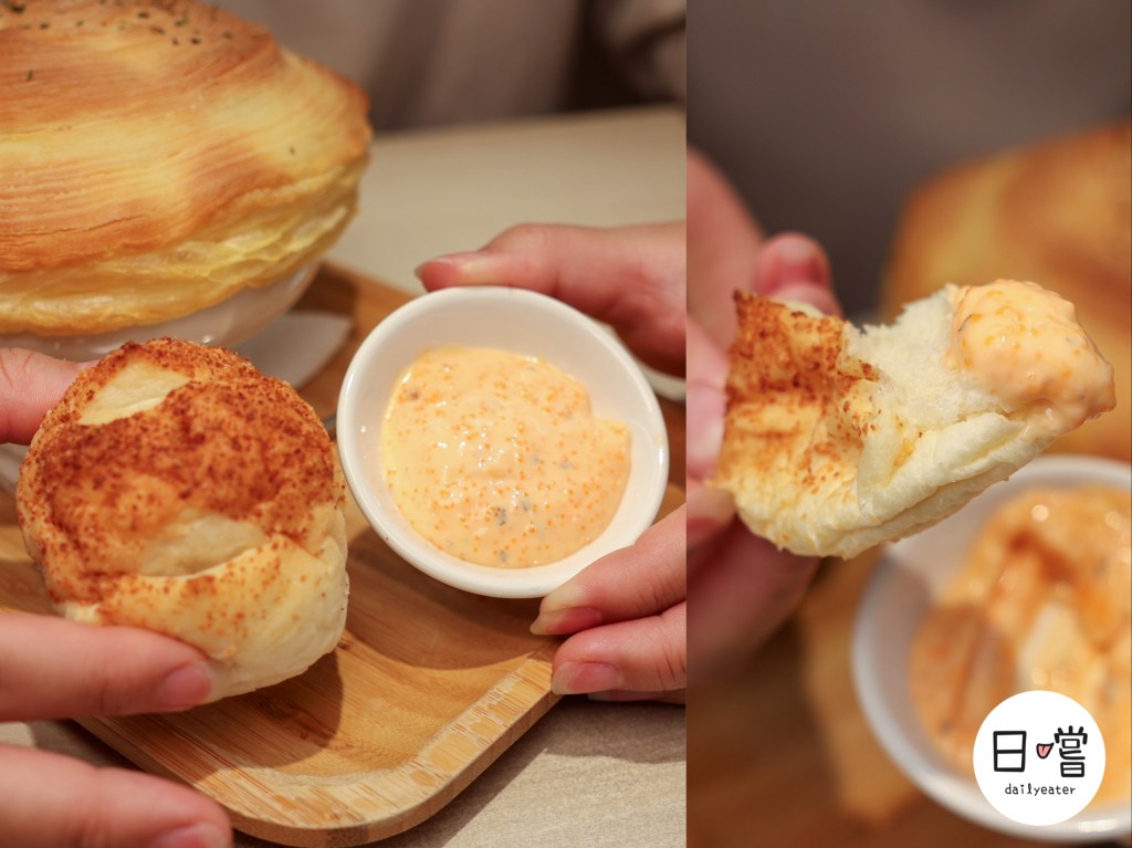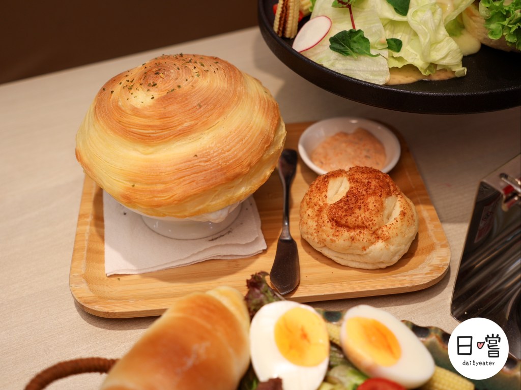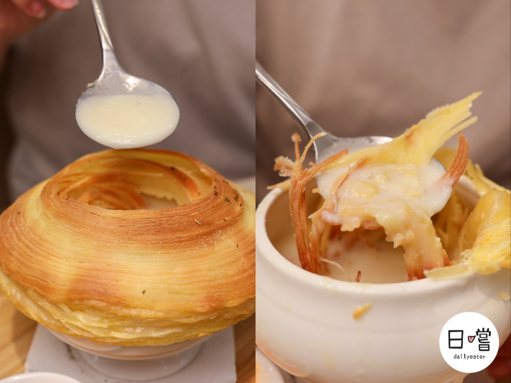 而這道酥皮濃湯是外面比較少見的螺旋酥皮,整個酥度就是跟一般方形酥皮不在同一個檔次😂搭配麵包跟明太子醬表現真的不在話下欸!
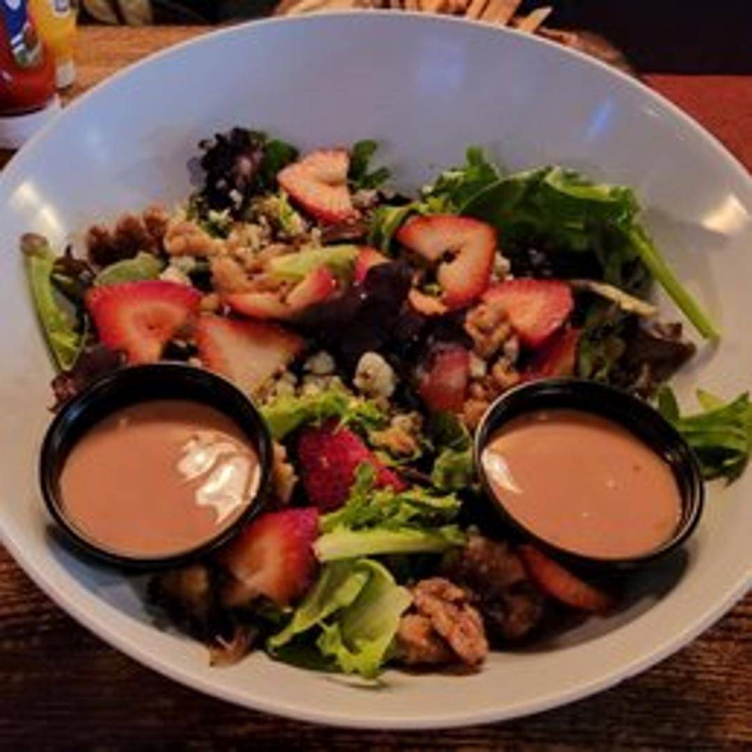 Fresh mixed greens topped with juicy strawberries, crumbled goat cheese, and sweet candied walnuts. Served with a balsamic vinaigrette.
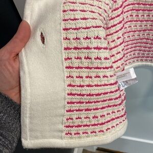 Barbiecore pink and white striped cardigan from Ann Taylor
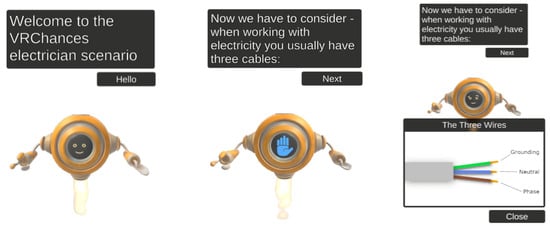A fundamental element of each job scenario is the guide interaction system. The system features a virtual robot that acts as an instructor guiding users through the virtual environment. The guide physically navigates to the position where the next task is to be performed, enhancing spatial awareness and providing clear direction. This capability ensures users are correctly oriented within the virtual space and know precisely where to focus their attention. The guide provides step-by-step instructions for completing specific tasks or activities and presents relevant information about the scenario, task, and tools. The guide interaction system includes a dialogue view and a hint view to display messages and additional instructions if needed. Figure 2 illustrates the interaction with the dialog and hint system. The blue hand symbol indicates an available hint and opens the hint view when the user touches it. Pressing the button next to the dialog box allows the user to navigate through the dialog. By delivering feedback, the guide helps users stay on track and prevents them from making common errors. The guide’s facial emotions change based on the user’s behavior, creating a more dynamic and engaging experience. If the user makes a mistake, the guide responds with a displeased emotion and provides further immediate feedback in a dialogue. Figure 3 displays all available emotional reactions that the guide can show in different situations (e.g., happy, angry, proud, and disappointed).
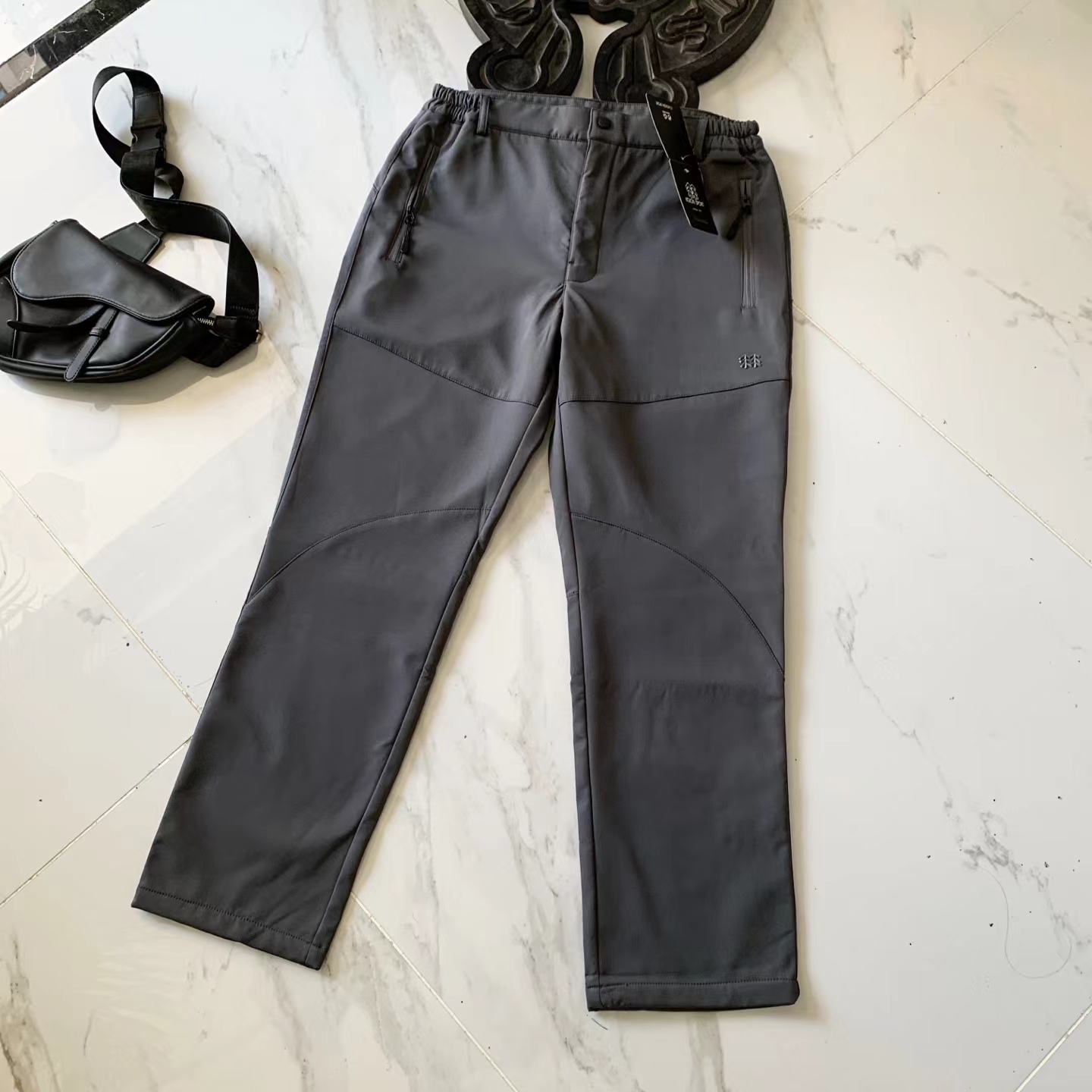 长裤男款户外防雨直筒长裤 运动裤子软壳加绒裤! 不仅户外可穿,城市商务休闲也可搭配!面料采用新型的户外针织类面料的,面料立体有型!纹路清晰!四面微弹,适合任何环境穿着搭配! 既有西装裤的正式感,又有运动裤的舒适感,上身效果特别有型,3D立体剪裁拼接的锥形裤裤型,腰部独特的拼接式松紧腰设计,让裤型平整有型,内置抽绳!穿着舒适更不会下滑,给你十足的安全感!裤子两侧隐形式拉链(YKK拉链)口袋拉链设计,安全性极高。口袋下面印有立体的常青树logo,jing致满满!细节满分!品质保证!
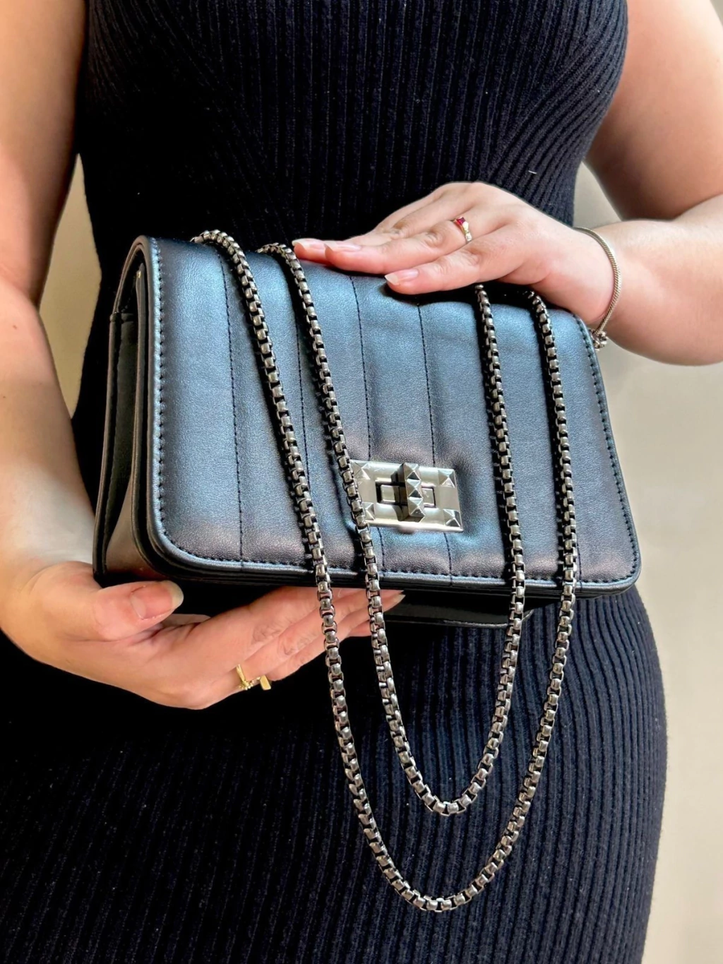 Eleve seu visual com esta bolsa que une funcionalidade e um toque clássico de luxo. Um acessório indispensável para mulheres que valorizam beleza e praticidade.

#####

Both ends included, copy word for word the lines from the top of the entries above through the line with "Barbiecore pink and". No pictures.

> **Exercise response**:
 而這道酥皮濃湯是外面比較少見的螺旋酥皮,整個酥度就是跟一般方形酥皮不在同一個檔次😂搭配麵包跟明太子醬表現真的不在話下欸!
 Fresh mixed greens topped with juicy strawberries, crumbled goat cheese, and sweet candied walnuts. Served with a balsamic vinaigrette.
 Barbiecore pink and white striped cardigan from Ann Taylor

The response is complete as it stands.